On 2013-12-03 00:47:07 -0500, Noah Misch wrote:
> On Sat, Nov 30, 2013 at 01:06:09AM +0000, Alvaro Herrera wrote:
> > Fix a couple of bugs in MultiXactId freezing
> >
> > Both heap_freeze_tuple() and heap_tuple_needs_freeze() neglected to look
> > into a multixact to check the members against cutoff_xid.
>
> > ! /*
> > ! * This is a multixact which is not marked LOCK_ONLY, but which
> > ! * is newer than the cutoff_multi. If the update_xid is below the
> > ! * cutoff_xid point, then we can just freeze the Xmax in the
> > ! * tuple, removing it altogether. This seems simple, but there
> > ! * are several underlying assumptions:
> > ! *
> > ! * 1. A tuple marked by an multixact containing a very old
> > ! * committed update Xid would have been pruned away by vacuum; we
> > ! * wouldn't be freezing this tuple at all.
> > ! *
> > ! * 2. There cannot possibly be any live locking members remaining
> > ! * in the multixact. This is because if they were alive, the
> > ! * update's Xid would had been considered, via the lockers'
> > ! * snapshot's Xmin, as part the cutoff_xid.
>
> READ COMMITTED transactions can reset MyPgXact->xmin between commands,
> defeating that assumption; see SnapshotResetXmin(). I have attached an
> isolationtester spec demonstrating the problem.
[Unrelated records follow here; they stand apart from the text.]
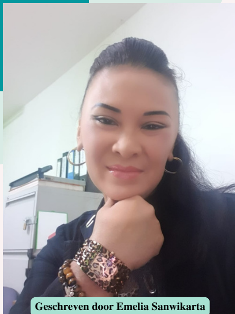
Geschreven door Emelia Sanwikarta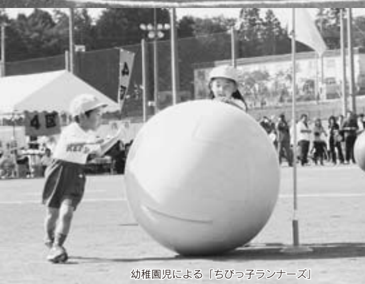
幼稚園児による「ちびっ子ランナーズ」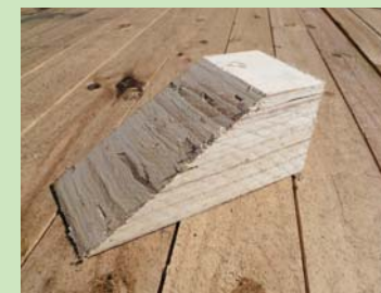
①LVL (laminated veneer lumber) を使用したクサビ(留め木)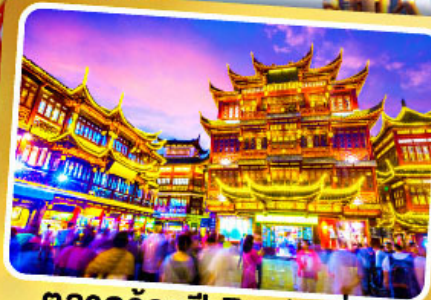
ตลาดร้อยปีเจิ้งหวังเมี่ยว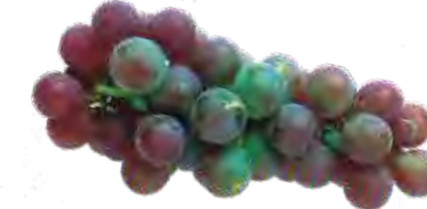
Ausência de Coloração Típica da Variedade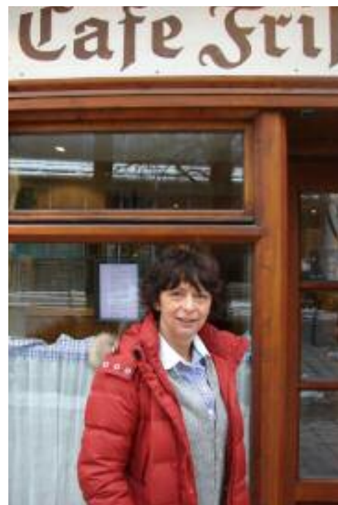
Vor ihrem Stammcafé Frischhut am Viktualienmarkt - ganz in der Nähe ihrer Wohnung.

Wenn ich überhaupt eine Maxime zu verkün-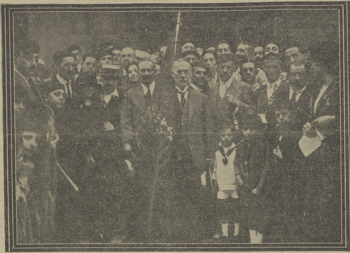
LA COLONIA NAVARRA SALIENDO DE LA IGLESIA DEL BUEN PASTOR, DESPUES DE HABERSE CELEBRADO UNA SOLEMNE FUNCIÓN RELIGIOSA EN HONOR DE SAN FERMIN

Con motivo del carácter técnico del problema es más que probable que en estas conversaciones tomen parte los peritos y que las negociaciones diplomáticas se prolonguen algún tiempo y se haga necesaria una nueva reunión de los ministros que han de tratar el asunto.»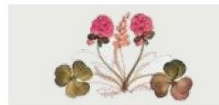
43. DEC. TRS Filo verde marcio Grubby green outline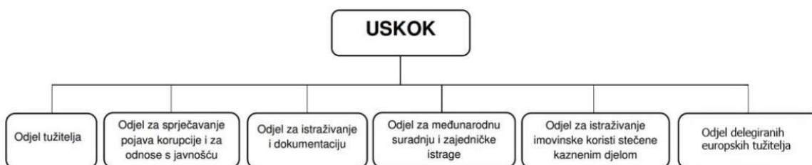
Slika 1: Ustrojstvo Uskok-a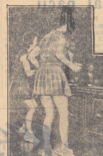
Ella Zeller respinge o minge „tare”. Fază din jocul de dublu dintre Rosalinde, Diana Rowe—Angelica Rozeanu, Ella Zeller, partidă câștigată de jucătoarele noastre cu 2-1 (21-11, 10-21, 21-10).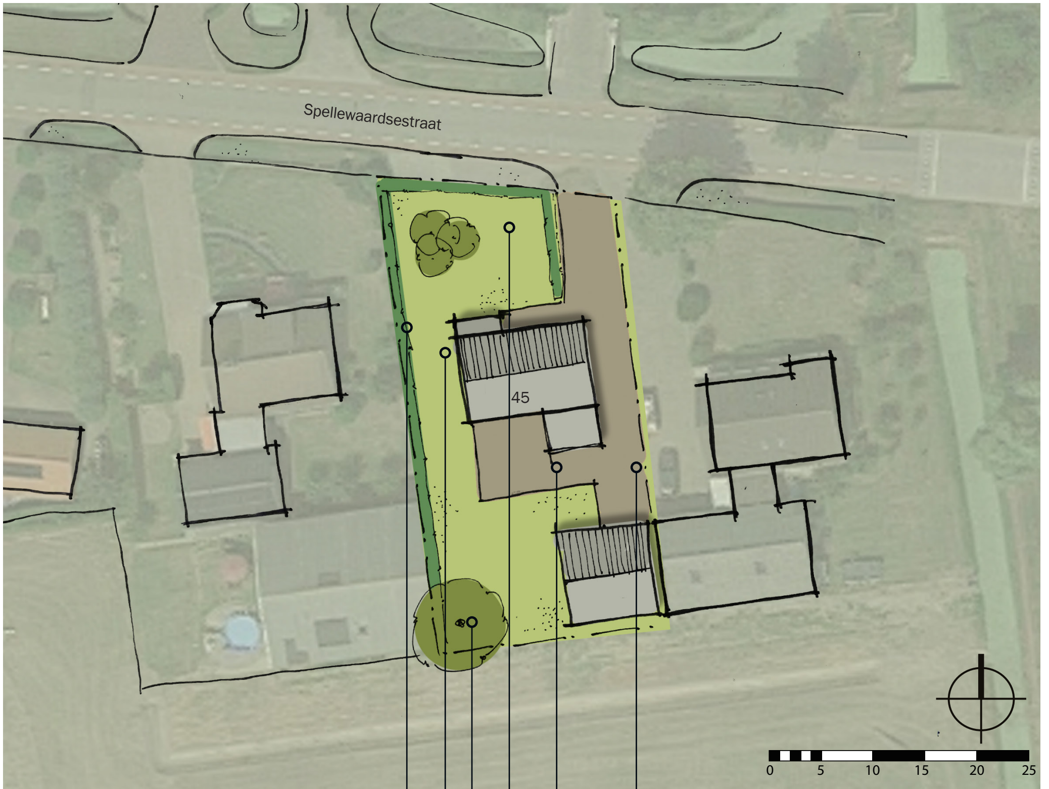
Inrichtingsschets nr. 45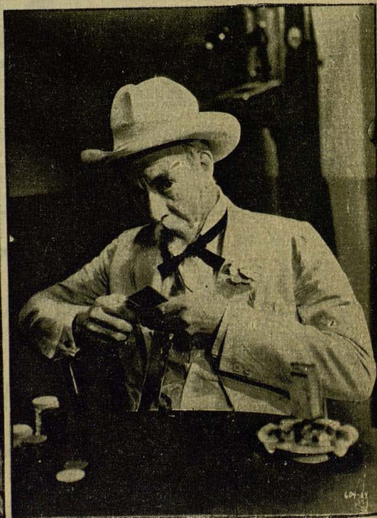
«Alcohol prohibido», una alegata contra el alcoholismo y la ley seca, con Dorothy Jordan, Lewis Stone, Neil Hamilton, Robert Young, Walter Houston, Jimmy Durante, Wallace Ford, Myrna Lox, Joan Marsh, John Miljan. - Producción Metro Goldwyn Mayer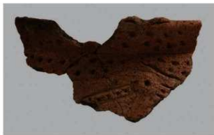
4 H-6出土土器 (第186图201)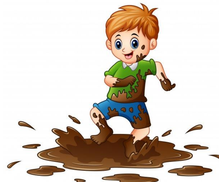
Рисунок 4 — Примерная картинка к фразеологизму «грязный, как свинья»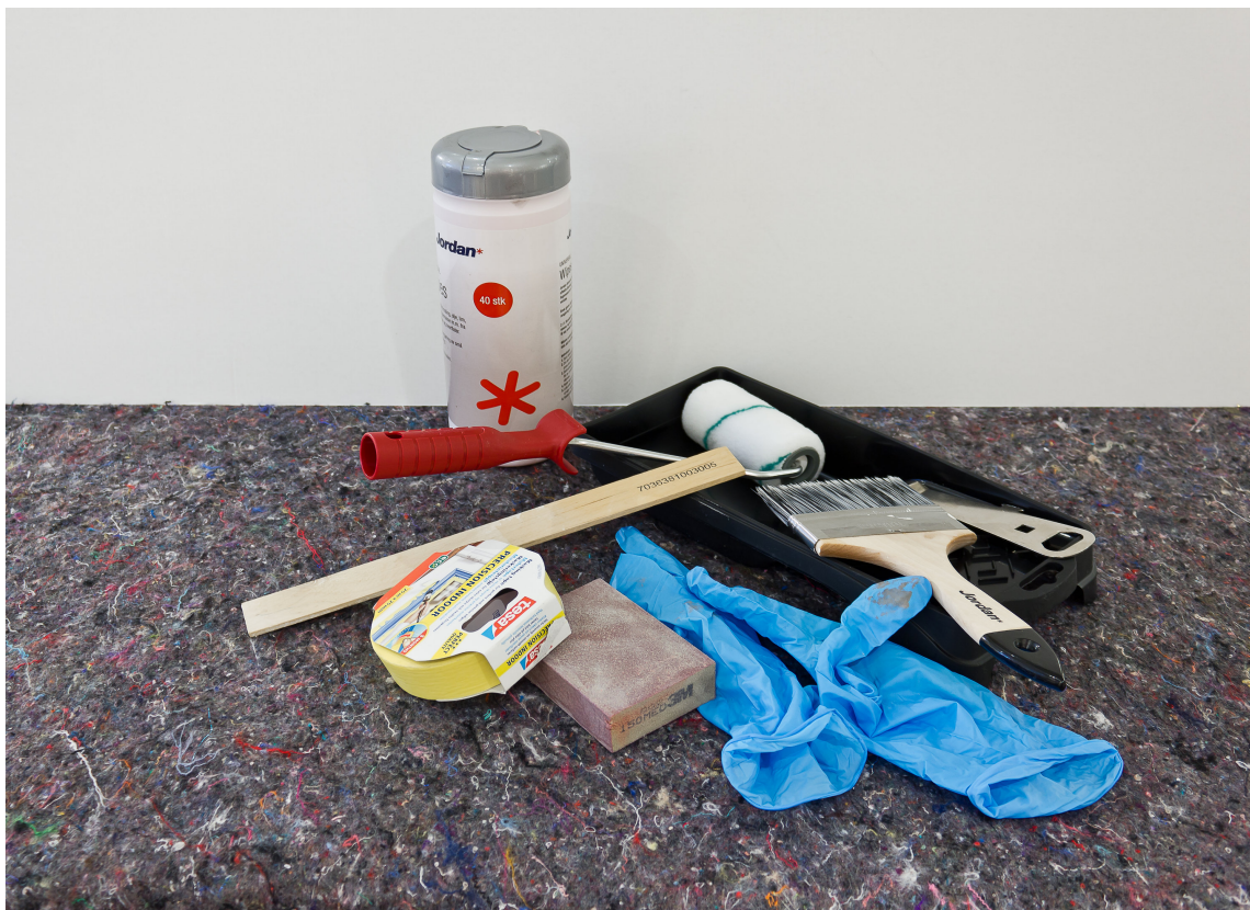
VERKTØY: Pensler og ruller av god kvalitet gjør jobben raskere og med bedre resultat.

Pensler som mister busten i den nymalte flaten og ruller som spruter maling og lager grovt mønster ødelegger sluttresultatet. Velgverktøy av god kvalitet. Det gjør jobben både raskere og enklere. En god pensel tar opp mye maling og gir den fra seg i et passe tempo. Det gjør at du kan male lenger på hvert dypp og med minst mulig søl. Husk at du kan trenge flere pensler og ruller dersom du skal male med flere farger og på ulike flater. Velg størrelse på verktøyet etter det du skal male.

Any idea how to cheat our way out of that one given the current way
heap_freeze_tuple() works (running on both primary and standby)? My only
idea was to MultiXactIdWait() if !InRecovery but that's extremly grotty.
We can't even realistically create a new multixact with fewer members
with the current format of xl_heap_freeze.

> The test spec additionally
> covers a (probably-related) assertion failure, new in 9.3.2.

Too bad it's too late to do anthing about it for 9.3.2. :(. At least the
last seems actually unrelated, I am not sure why it's 9.3.2
only. Alvaro, are you looking?

> That was the only concrete runtime problem I found during a study of the
> newest heap_freeze_tuple() and heap_tuple_needs_freeze() code.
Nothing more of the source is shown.